* Data under study:
==========
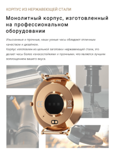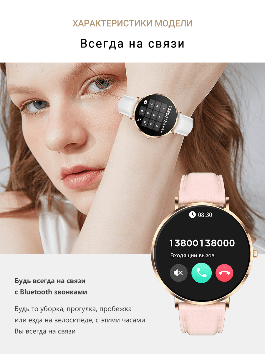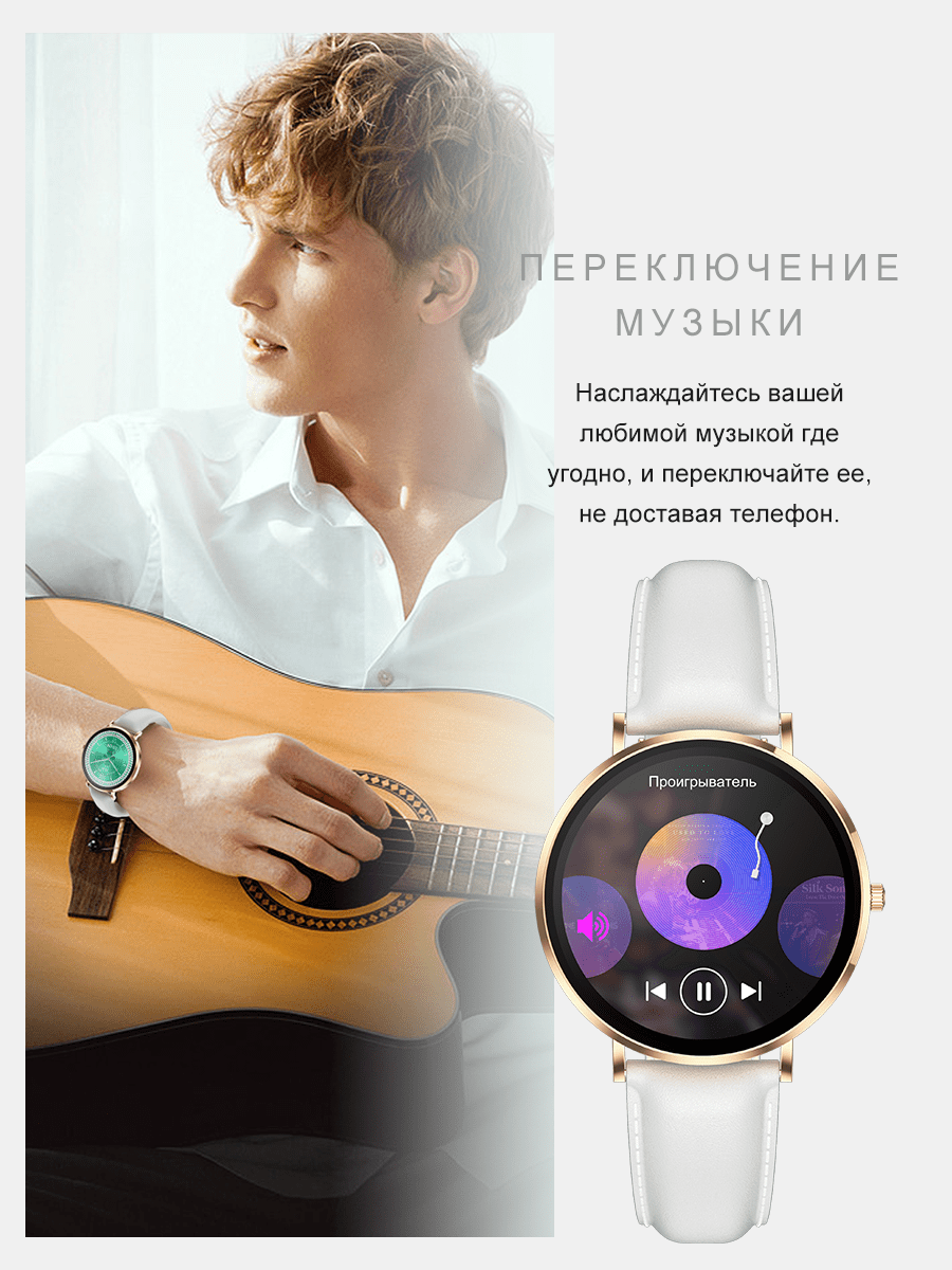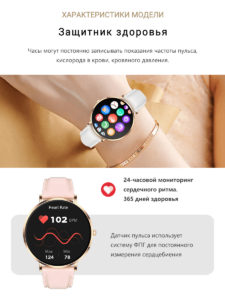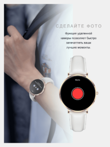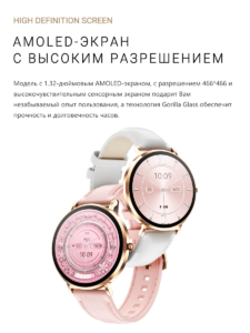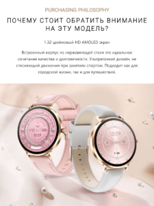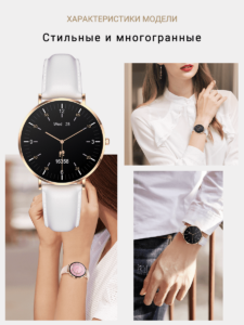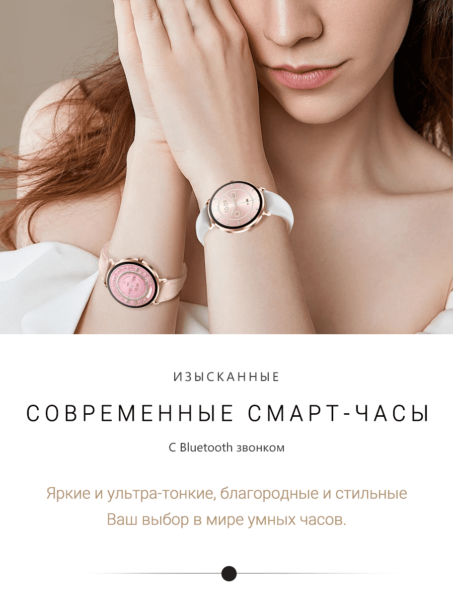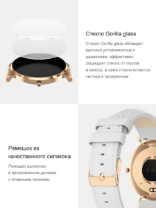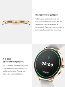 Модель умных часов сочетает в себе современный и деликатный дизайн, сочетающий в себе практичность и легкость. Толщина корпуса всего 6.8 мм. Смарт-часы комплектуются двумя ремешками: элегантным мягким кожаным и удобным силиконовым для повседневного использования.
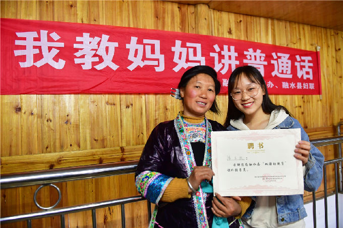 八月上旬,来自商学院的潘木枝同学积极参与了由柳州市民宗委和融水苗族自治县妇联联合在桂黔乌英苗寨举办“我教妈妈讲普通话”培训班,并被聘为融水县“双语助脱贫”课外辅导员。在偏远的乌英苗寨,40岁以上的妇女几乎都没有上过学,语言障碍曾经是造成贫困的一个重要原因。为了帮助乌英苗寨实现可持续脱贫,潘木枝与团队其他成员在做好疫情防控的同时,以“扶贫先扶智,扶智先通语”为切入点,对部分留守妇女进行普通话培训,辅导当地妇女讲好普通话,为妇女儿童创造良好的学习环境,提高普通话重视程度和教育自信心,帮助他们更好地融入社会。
==========
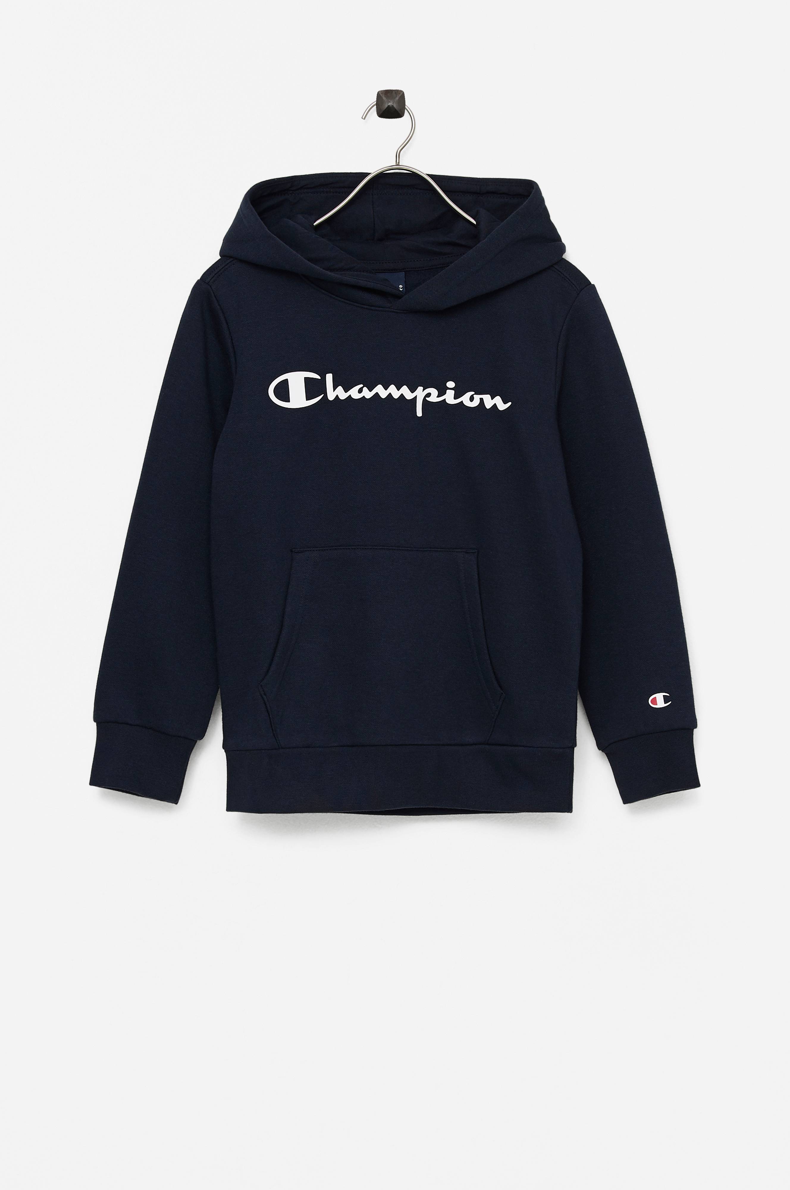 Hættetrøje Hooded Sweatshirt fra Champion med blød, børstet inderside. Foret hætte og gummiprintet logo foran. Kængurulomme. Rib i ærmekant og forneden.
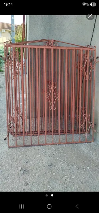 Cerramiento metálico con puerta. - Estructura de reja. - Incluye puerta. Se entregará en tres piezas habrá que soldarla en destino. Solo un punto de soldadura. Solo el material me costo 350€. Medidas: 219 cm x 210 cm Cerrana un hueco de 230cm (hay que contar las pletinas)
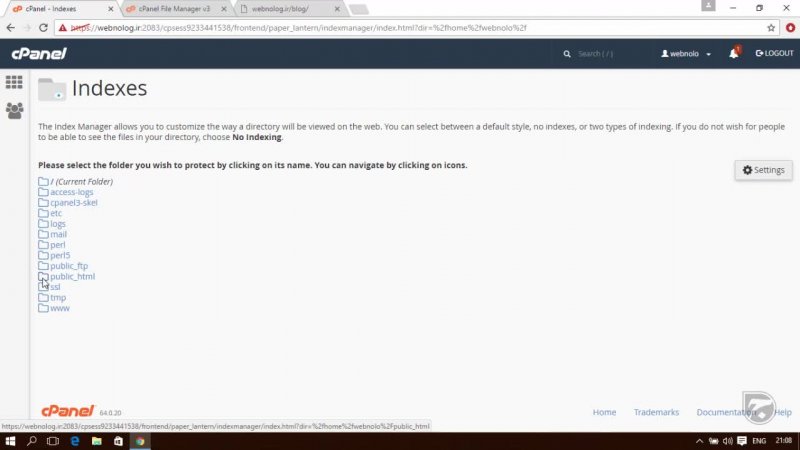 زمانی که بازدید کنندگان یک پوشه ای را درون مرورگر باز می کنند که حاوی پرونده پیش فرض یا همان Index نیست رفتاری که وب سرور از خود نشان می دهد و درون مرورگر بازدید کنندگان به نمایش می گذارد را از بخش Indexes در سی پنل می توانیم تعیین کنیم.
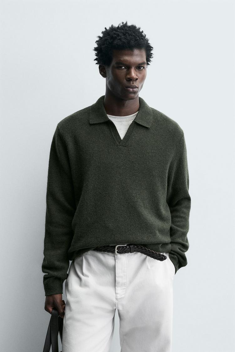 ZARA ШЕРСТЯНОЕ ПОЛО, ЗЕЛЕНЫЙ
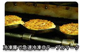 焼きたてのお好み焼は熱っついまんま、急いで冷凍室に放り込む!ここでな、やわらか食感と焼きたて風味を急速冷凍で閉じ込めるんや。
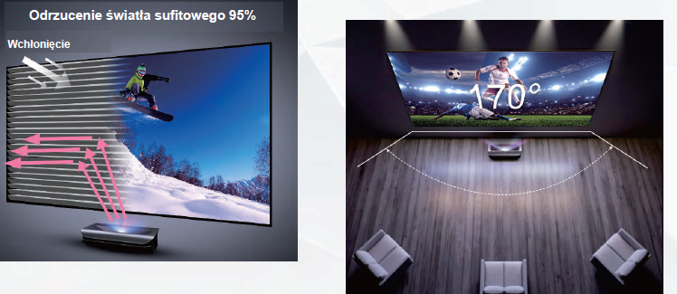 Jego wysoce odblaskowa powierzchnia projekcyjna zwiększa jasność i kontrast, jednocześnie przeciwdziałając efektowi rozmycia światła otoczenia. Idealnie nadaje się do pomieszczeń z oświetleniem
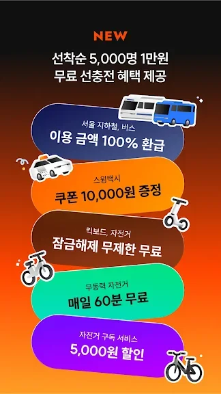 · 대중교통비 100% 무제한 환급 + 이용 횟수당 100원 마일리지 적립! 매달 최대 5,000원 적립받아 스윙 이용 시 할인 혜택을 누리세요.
==========
* Exercise requirements:
How would the lines above read from the one with "Cerramiento metálico con" to the one with "할인 혜택을 누리세요.", inclusive, with no pictures? Write them out exactly.

* Response:
 Cerramiento metálico con puerta. - Estructura de reja. - Incluye puerta. Se entregará en tres piezas habrá que soldarla en destino. Solo un punto de soldadura. Solo el material me costo 350€. Medidas: 219 cm x 210 cm Cerrana un hueco de 230cm (hay que contar las pletinas)
 زمانی که بازدید کنندگان یک پوشه ای را درون مرورگر باز می کنند که حاوی پرونده پیش فرض یا همان Index نیست رفتاری که وب سرور از خود نشان می دهد و درون مرورگر بازدید کنندگان به نمایش می گذارد را از بخش Indexes در سی پنل می توانیم تعیین کنیم.
 ZARA ШЕРСТЯНОЕ ПОЛО, ЗЕЛЕНЫЙ
 焼きたてのお好み焼は熱っついまんま、急いで冷凍室に放り込む!ここでな、やわらか食感と焼きたて風味を急速冷凍で閉じ込めるんや。
 Jego wysoce odblaskowa powierzchnia projekcyjna zwiększa jasność i kontrast, jednocześnie przeciwdziałając efektowi rozmycia światła otoczenia. Idealnie nadaje się do pomieszczeń z oświetleniem
 · 대중교통비 100% 무제한 환급 + 이용 횟수당 100원 마일리지 적립! 매달 최대 5,000원 적립받아 스윙 이용 시 할인 혜택을 누리세요.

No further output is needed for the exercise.